Deborah Ross

Mad about Claire Foy

Steven Soderbergh’s latest feels like 98 minutes of mansplaining

issue 24 March 2018

Steven Soderbergh’s latest film, Unsane, is a psychological thriller about a woman who is incarcerated in a psychiatric hospital even though she claims to be perfectly sane. But is she? It was filmed fast, on an iPhone 7, and some aspects are worryingly thoughtless — its treatment of mental-health patients, for example, is remarkably Unsensitive. And it does descend into a plainly ridiculous, sub-par farce. But it is also, in parts, deliciously schlocky and it stars the wonderful Claire Foy, whom one hopes was paid decently. So shocking that she earned less than Matt Smith for The Crown, but as a positive person who likes to look on the bright side might I suggest that we celebrate the fact men are still doing so well? And throw a party or something?

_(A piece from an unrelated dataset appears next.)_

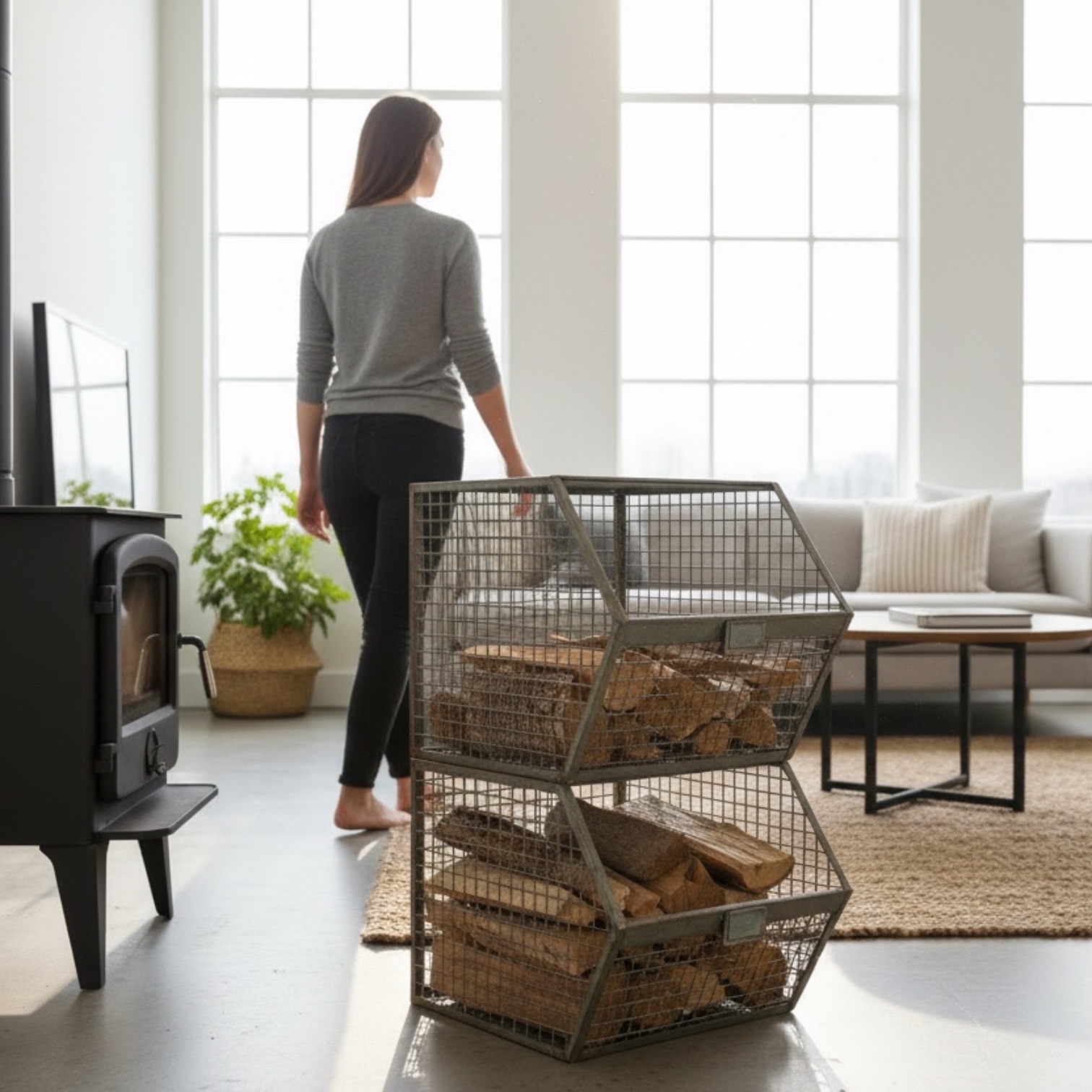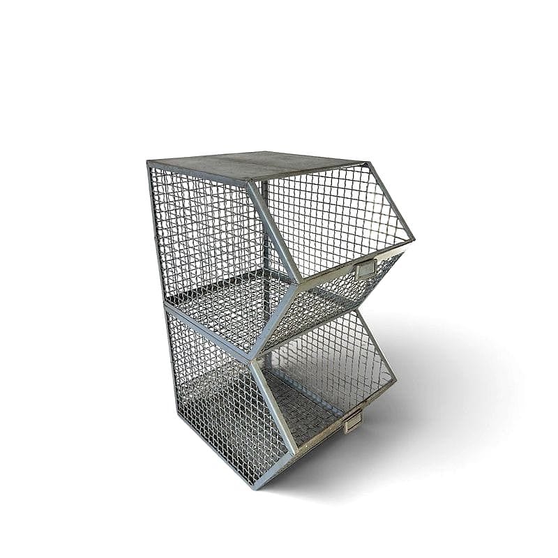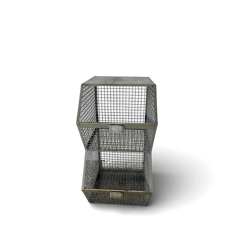 Queste ceste modulari in rete venivano originariamente utilizzate nei magazzini tessili del Nord Italia come soluzioni impilabili per la rapida identificazione e ventilazione della merce. La presenza di piccoli porta-etichetta sottolinea la loro provenienza industriale autentica.

Here, Foy plays the unlikely named Sawyer Valentini, who has relocated from Boston to Pennsylvania to escape David Strine (Joshua Leonard), the man who has been stalking her for two years and has made her life hell. She has a new job in a bank where the boss instantly comes on to her — Soderbergh is clearly down with the women, sometimes clumsily so — and she’s in a state. She’s lonely, but suffers panic attacks, which makes dating impossible. So she seeks therapy, and undergoes a session with a seemingly sympathetic counsellor at the Highland Creek Behavioural Centre. She confesses that, yes, she’s had suicidal thoughts, but hasn’t everyone at some time or another?

She signs some papers, which she thinks are simply committing her to further therapy sessions, but then discovers she’s admitted herself as an inpatient. She is put on a locked mixed ward where the woman (Juno Temple) in the next bed threatens her with a dangerously sharpened spoon.